[Exercise directions]
Within the lines below, the span from the line with "巨大な葉っぱシリーズ〜ⅲ 赤松の林の〈クワズイモ〉の葉っぱ🍀 2026.2.3フラワーパーク" to the line with "Young beautiful slim", both ends included, is to be reproduced exactly, with pictures omitted.

• • • • • • •

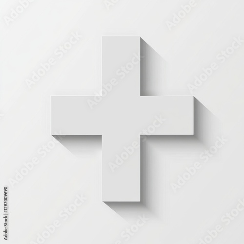 Obraz premium Simple white cross symbol with a modern design, casting a soft shadow on a light background.
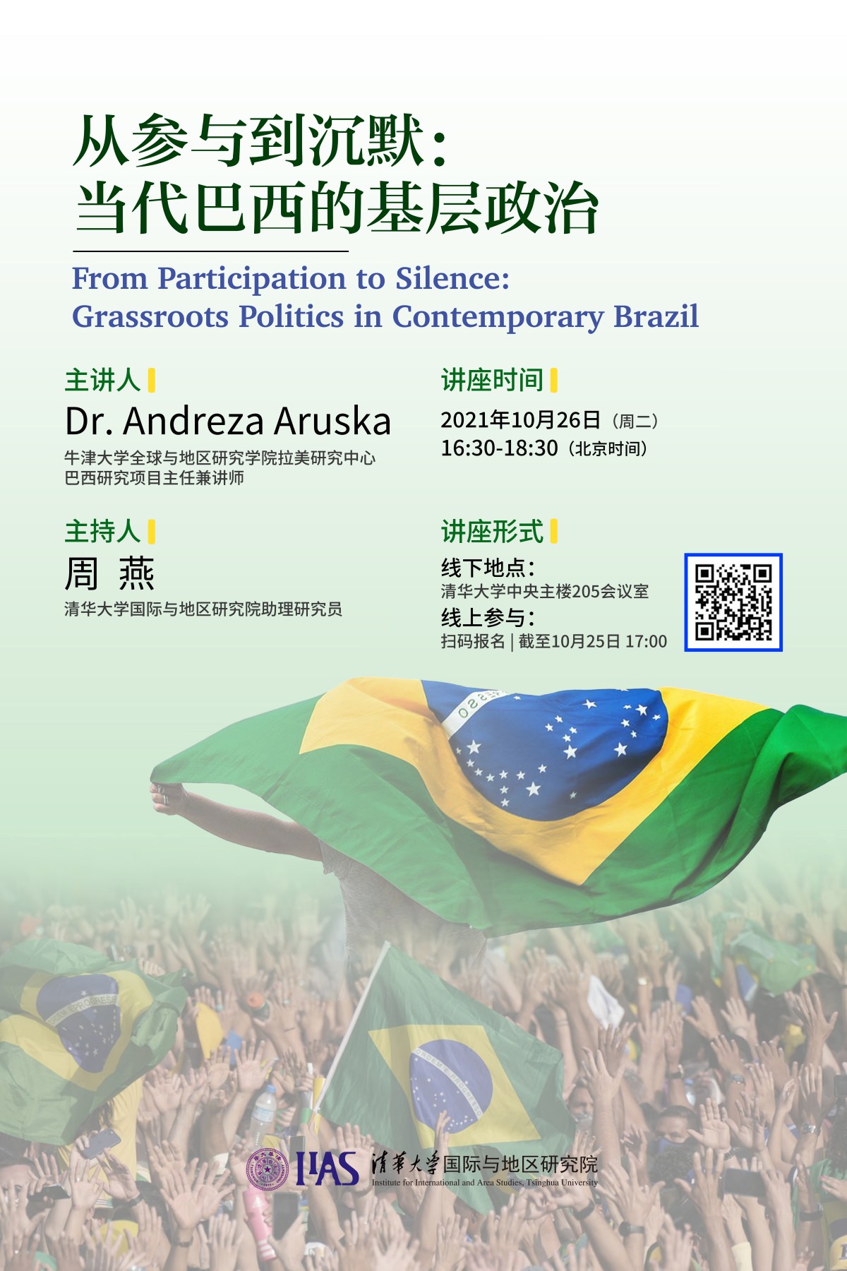 主办的2021年秋季学期第一场拉美和加勒比地区研究讲座顺利举办。本场讲座嘉宾是来自牛津大学的巴西研究项目主任Dr. Andreza Aruska,讲座围绕“从参与到沉默:当代巴西的基层政治(From Participation to Silence: Grassroots Politics in Contemporary Brazil)”的主题展开。本场讲座由h图书馆
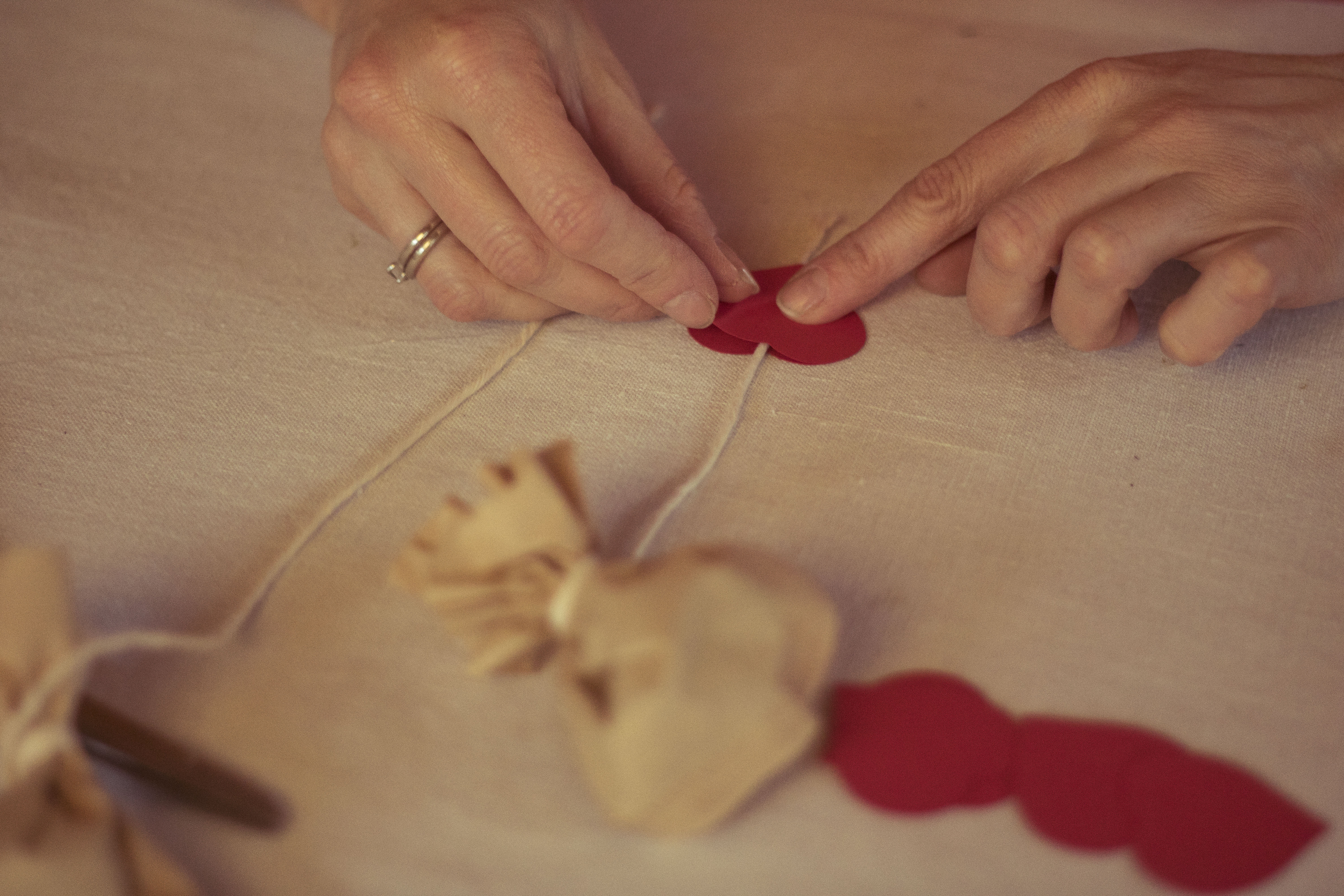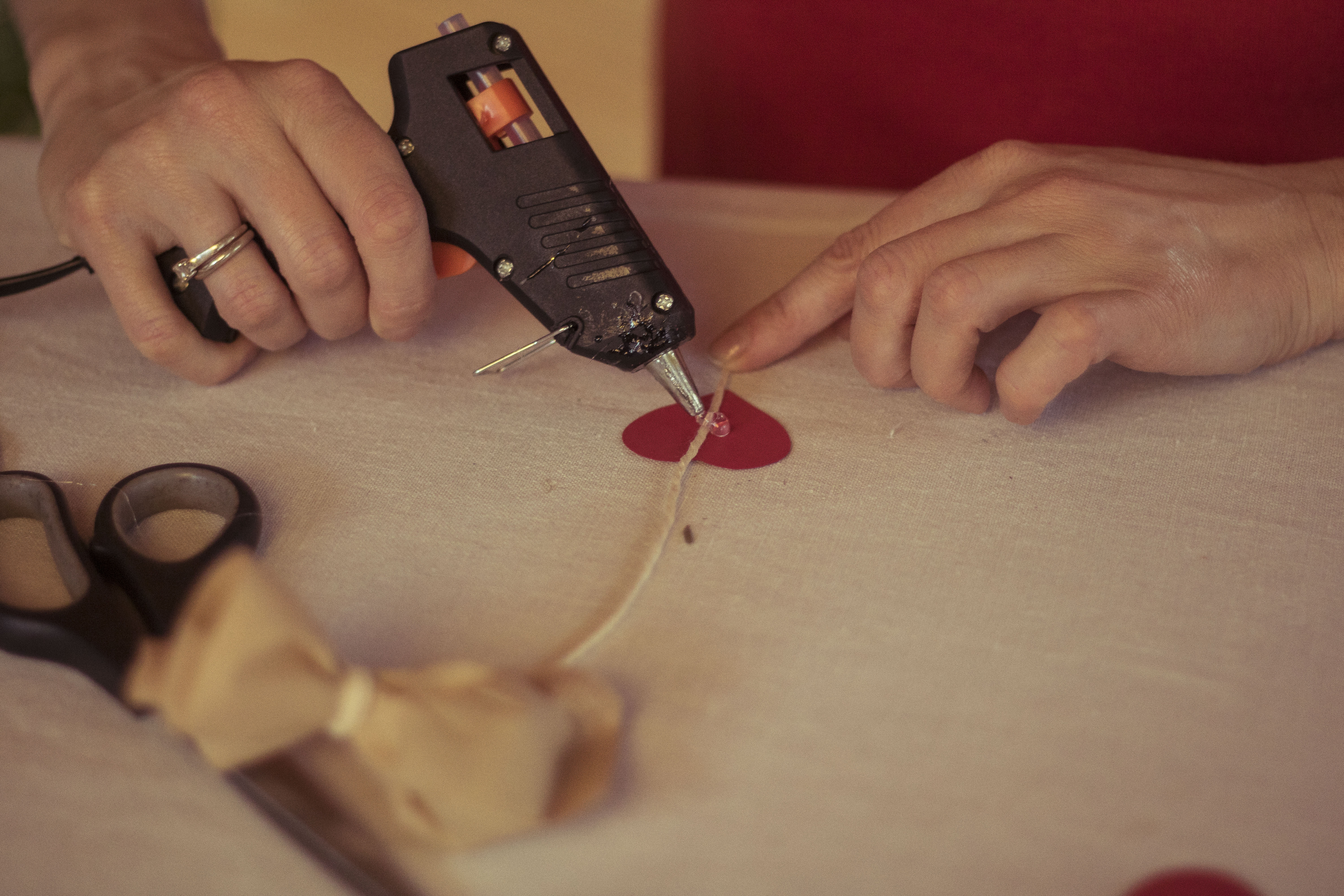 Herbatę trzeba teraz przesypać do przyciętych filtrów do kawy (im będą cieńsze, tym lepsze) i starannie zawiązać je sznurkiem tworząc kuleczki. Potem odmierzacie kawałek sznurka, tak, żeby jego koniec wystawał na 3-4 centymetry z kubka a na drugim końcu za pomocą kleju w pistolecie sklejacie ze sobą dwa kartonowe serduszka tak, by „złapały” sznurek.
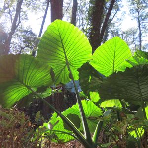 🏷️8日は葉っぱの発表会 巨大な葉っぱシリーズ〜ⅲ 赤松の林の〈クワズイモ〉の葉っぱ🍀 2026.2.3フラワーパーク
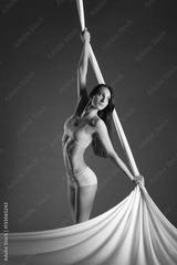 Young beautiful slim dancer with white aerial silk posing on a black studio background.
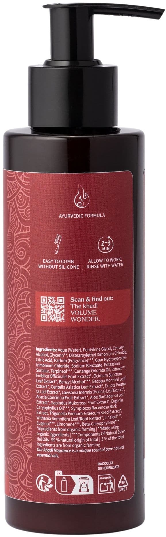 InhaltsstoffeAqua (Water, Pentylene Glycol, Cetearyl Alcohol, Glycerin**, Distearoylethyl Dimonium Chloride, Citric Acid, Parfum (Fragrance)***, Guar Hydroxypropyltrimonium Chloride, Sodium Benzoate, Potassium Sorbate, Terpineol***, Cananga Odorata Oil/Extract***, Emblica Officinalis Fruit Extract*, Ocimum Sanctum Leaf Extract*, Benzyl Alcohol***, Bacopa Monnieri Leaf Extract*, Centella Asiatica Leaf Extract*, Eclipta Prostrata Leaf Extract*, Lawsonia Inermis Leaf Extract*, Acacia Concinna Fruit Extract*, Aloe Barbadensis Leaf Extract*, Sapindus Mukorossi Fruit Extract*, Eugenia Caryophyllus Oil***, Symplocos Racemosa Bark Extract, Trigonella Foenum-Graecum Seed Extract*, Withania Somnifera Leaf/Root Extract*, Linalool***, Eugenol***, Limonene***, Beta-Caryophyllene*** *Inhaltsstoffe aus kontrolliert biologischem Anbau, **Hergestellt mit biologischen Inhaltsstoffen, **Bestandteile natürlicher ätherischer Öle. 99% natürlichen Ursprungs insgesamt 3% der gesamten Inhaltsstoffe stammen aus kontrolliert biologischem Anbau.

• • • • • • •

[Answer space]
 🏷️8日は葉っぱの発表会 巨大な葉っぱシリーズ〜ⅲ 赤松の林の〈クワズイモ〉の葉っぱ🍀 2026.2.3フラワーパーク
 Young beautiful slim dancer with white aerial silk posing on a black studio background.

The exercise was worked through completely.